DATASET EXCERPTS:
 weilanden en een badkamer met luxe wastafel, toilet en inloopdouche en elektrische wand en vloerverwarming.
* * *
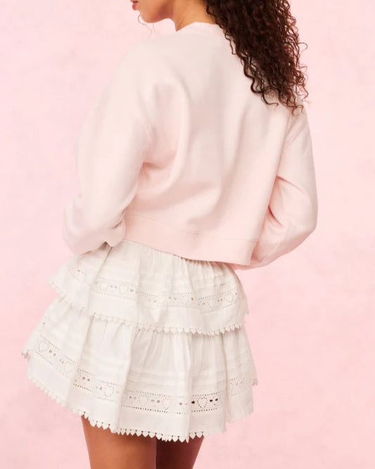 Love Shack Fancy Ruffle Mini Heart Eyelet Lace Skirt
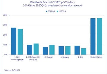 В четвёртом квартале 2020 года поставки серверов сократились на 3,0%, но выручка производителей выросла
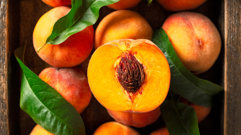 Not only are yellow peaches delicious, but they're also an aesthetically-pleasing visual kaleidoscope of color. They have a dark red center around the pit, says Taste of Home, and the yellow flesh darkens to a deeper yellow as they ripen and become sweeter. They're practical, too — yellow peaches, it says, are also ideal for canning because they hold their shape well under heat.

TO DO: Print an exact copy of the lines above, from the one containing "В четвёртом квартале" through the one containing "Not only are", and leave out the pictures.

WRITTEN ANSWER:
 В четвёртом квартале 2020 года поставки серверов сократились на 3,0%, но выручка производителей выросла
 Not only are yellow peaches delicious, but they're also an aesthetically-pleasing visual kaleidoscope of color. They have a dark red center around the pit, says Taste of Home, and the yellow flesh darkens to a deeper yellow as they ripen and become sweeter. They're practical, too — yellow peaches, it says, are also ideal for canning because they hold their shape well under heat.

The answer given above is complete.